Une fois les portes magnétiques de l’aile psychiatrique franchies, il n’y plus de retour en arrière. Vous vivez avec d’autres patients et le personnel médical. Tous les jours vous rencontrez un psychiatre. Vous mangez aux mêmes heures, vous vous couchez avec la fermeture des lumières. Il y a une hiérarchie parmi les malades de longues dates : les plus vieux sont respectés et les plus fous, craints. Il m’est arrivé de rencontrer des assassins qui, plutôt que d’être en prison, purgent leur sentence en psychiatrie. Ils n’ont pas l’air de meurtriers, souvent même ils affichent un beau sourire. Je me suis plutôt bien adapté même si je n’aimais pas être là. Je me suis fait une raison. Je me suis tenu avec ceux qui sont le moins affectés par la maladie.
Faire passer la pilule
A la fin de mon séjour, j’ai intégré un centre en santé mentale où j’ai fait du théâtre, du karaté, de la cuisine pendant un an. C’est là que j’ai rencontré celui qui allait devenir mon chum de consommation. Durant cette période, j’avais déjà l’habitude de consommer de la marijuana et de l’alcool. Par l’entremise de cet ami, j’ai connu le speed qui, sur le coup m’a paru inoffensif. Sauf que la petite pilule magique est rapidement devenu un baume sur mes plaies.
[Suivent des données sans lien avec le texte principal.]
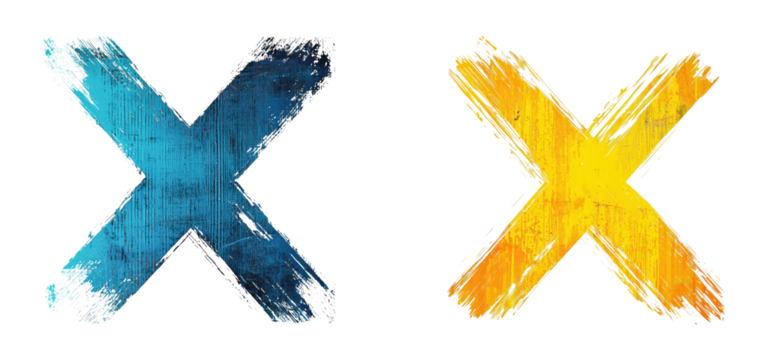 Flat design is showing yellow paint splatter with three blue X marks on transparent background
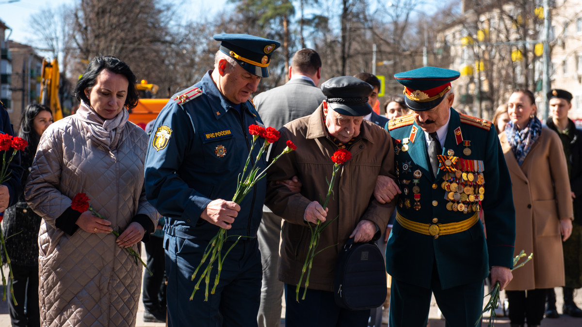 Мероприятие началось у Вечного огня с торжественного построения кадетов, возложения цветов и выступления ветерана Великой Отечественной войны Ивана Никитовича Кривошеева, которому недавно исполнился 101 год. Он участвовал в Сталинградской битве, освобождал Донбасс, Украину и Польшу, в том числе узников концлагеря Освенцим. В копилке ветерана много медалей, среди них - нагрудный знак «Освободителю Донбасса».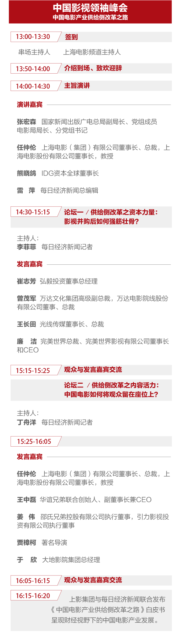 為了共同探討中國電影發(fā)展大計,減緩國內(nèi)優(yōu)質(zhì)電影供給不足和人民對電影文化消費(fèi)需求持續(xù)增長的矛盾,張宏森、任仲倫、熊曉鴿、雷萍、王中磊、曾茂軍、王長田、廉潔、崔志芳、姜偉和賈樟柯等,方向掌舵者、龍頭企業(yè)和公司、行業(yè)精英……將濟(jì)濟(jì)一堂,傳遞政策導(dǎo)向、引領(lǐng)投資風(fēng)向、把脈創(chuàng)作方向……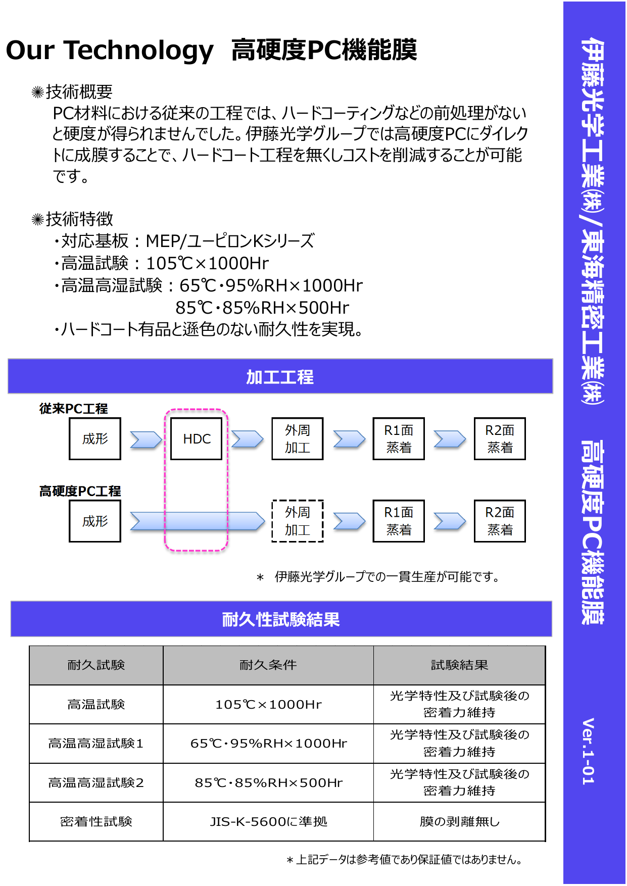 PC材料における従来の工程では、ハードコーティングなどの前処理がないと硬度が得られませんでした。伊藤光学グループでは高硬度PCにダイレクトに成膜することで、ハードコー...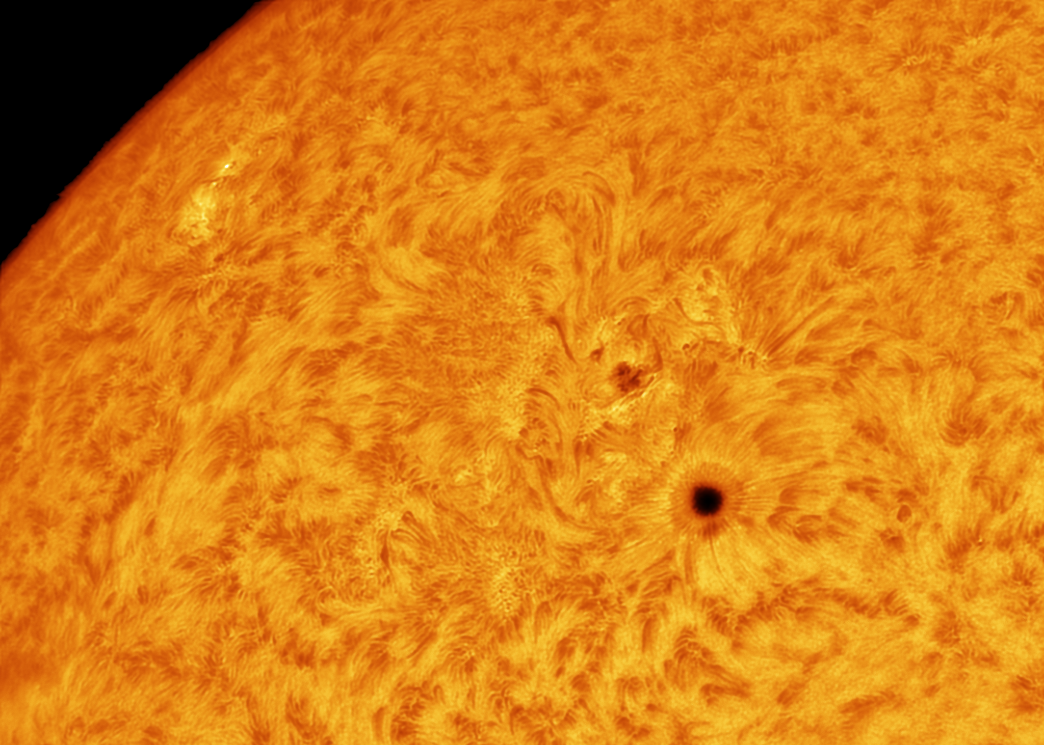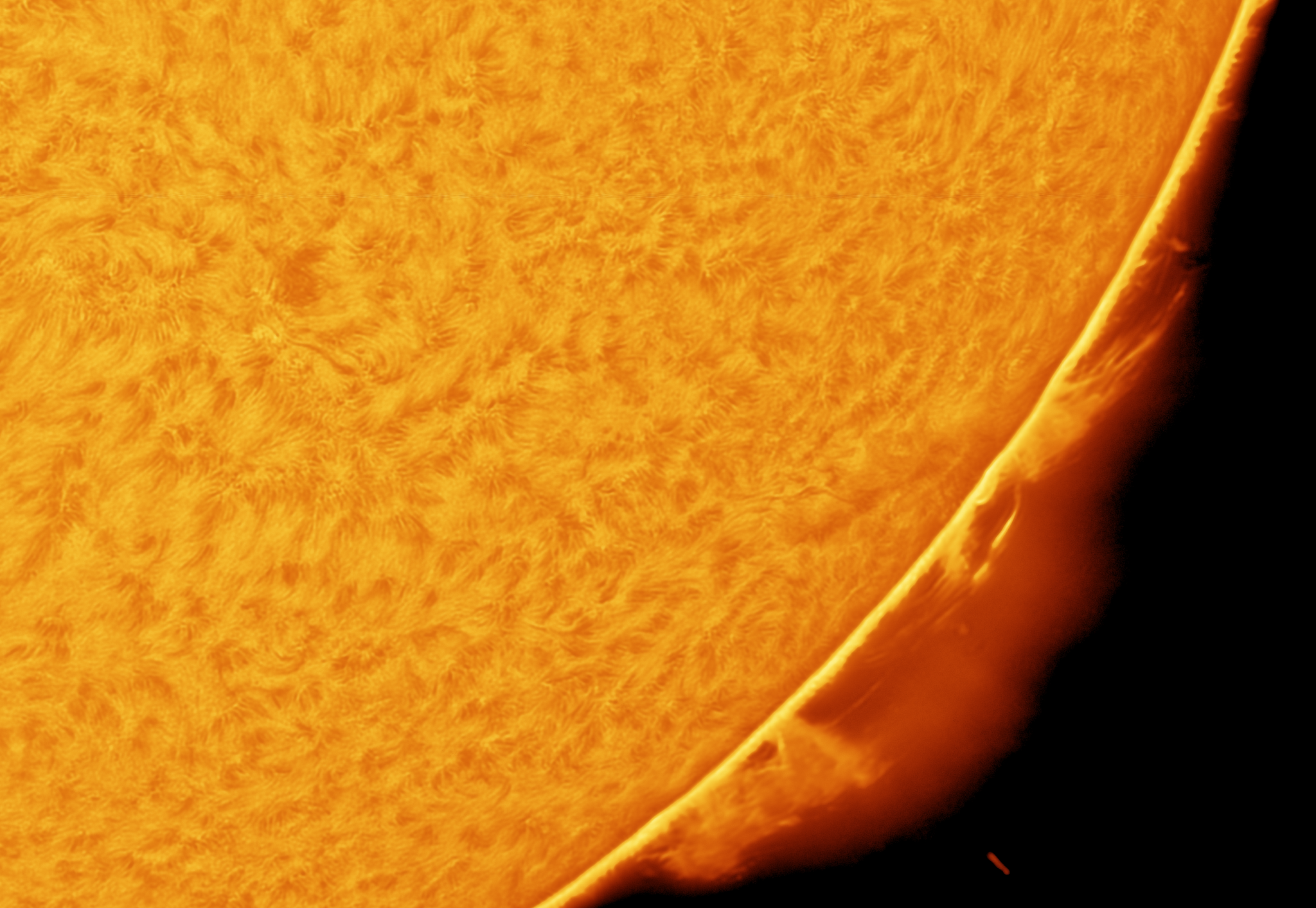Перед работой быстренько заснял красивое пятно и несколько жирненьких протуберанцев в линии водорода.

Avec cette drogue, je me sentais fort et certain. Tranquillement, je me suis mis à consommer régulièrement et à sortir dans les clubs. Ce qui devenait dangereux, c’est que j’en prenais pour me sentir bien. Ma famille le savait et tout le monde en souffrait. Mes parents tentaient de me raisonner sur les dangers de cette drogue. Je n’écoutais pas. Trois fois par semaine, je passais des nuits blanches tout en sachant qu’il suffisait d’une pilule pour devenir légume. En plus je prenais des médicaments. Je faisais attention à ne pas me faire prendre mais j’étais soumis à des analyses d’urine tous les trois mois alors, forcément, le test a fini par se révéler positif.
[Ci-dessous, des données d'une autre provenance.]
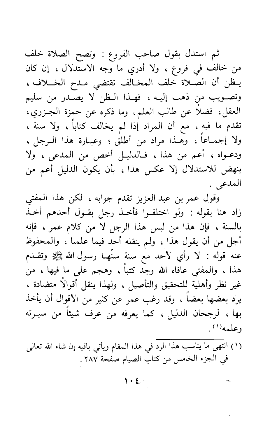 ثم استدل بقول صاحب الفروع: وتصح الصلاة خلف من خالف في فروع، ولا أدري ما وجه الاستدلال إن كان يظن أن الصلاة خلف المخالف تقتضي مدح الخلاف، وتصويب من ذهب إليه، فهذا الظن لا يصدر من سليم العقل، فضلاً عن طالب العلم. وما ذكره عن حمزة الجزري، تقدم ما فيه، مع أن المراد إذا لم يخالف كتاباً ولا سنة ولا إجماعاً، وهذا مراد من أطلق؛ وعبارة هذا الرجل ودعواه، أعم من هذا، فالدليل أخص من المدعى، ولا ينهض للاستدلال إلا عكس هذا، بأن يكون الدليل أعم من المدعى.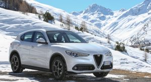UK customers will be offered two engine options at launch, including a 210hp 2.2-liter diesel and a 280hp 2.0-liter petrol unit, both of them paired with an eight-speed automatic and all-wheel drive as standard. Alfa Romeo claims that the 280hp petrol version of the Stelvio offers best-in-class acceleration, with 0-62mph (100 km/h) in 5.7 seconds and a 143mph (230 km/h) top speed. Fuel economy is rated at a combined 40.4mpg UK (7 liters/100km) and CO2 emissions set at 161g/km.

Centre de thérapie Le Portage
Les docteurs ont donc décidé qu’il me fallait un traitement choc: le centre de thérapie Le Portage.
Mon entrée fut difficile. J’ai dû quitter ma liberté pour entrer au TSTM (Toxicomane Souffrant de Troubles Mentaux). Tous les jours, lever à 6h45, ménage et thérapie, thérapie et thérapie.
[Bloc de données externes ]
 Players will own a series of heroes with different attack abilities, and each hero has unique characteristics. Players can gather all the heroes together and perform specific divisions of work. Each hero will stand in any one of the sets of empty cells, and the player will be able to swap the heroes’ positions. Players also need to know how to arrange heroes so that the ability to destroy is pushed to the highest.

Les premiers temps, je pensais mourir. Les cinq premières semaines sans sortie ni téléphone. Mais rapidement, j’ai changé. J’ai accepté le programme. Je m’y suis fait des amis. Je suis devenu chef de la cuisine puis chef de la communauté. J’ai même arrêté de fumer la cigarette.
Même si j’avais beaucoup de réticence à me plier à cette thérapie, elle m’a libéré de mes habitudes. Je me suis rendu compte que je pouvais réussir à être heureux sans drogue. Ils m’ont supporté et m’ont fait travailler mes comportements et la gestion de mes sentiments. Il m’a fallu 13 mois pour franchir les 4 étapes de réhabilitation avant de pouvoir habiter en appartement supervisé et commencer une réinsertion sociale. J’en suis sorti grandi et capable d’être autonome avec un style de vie positif.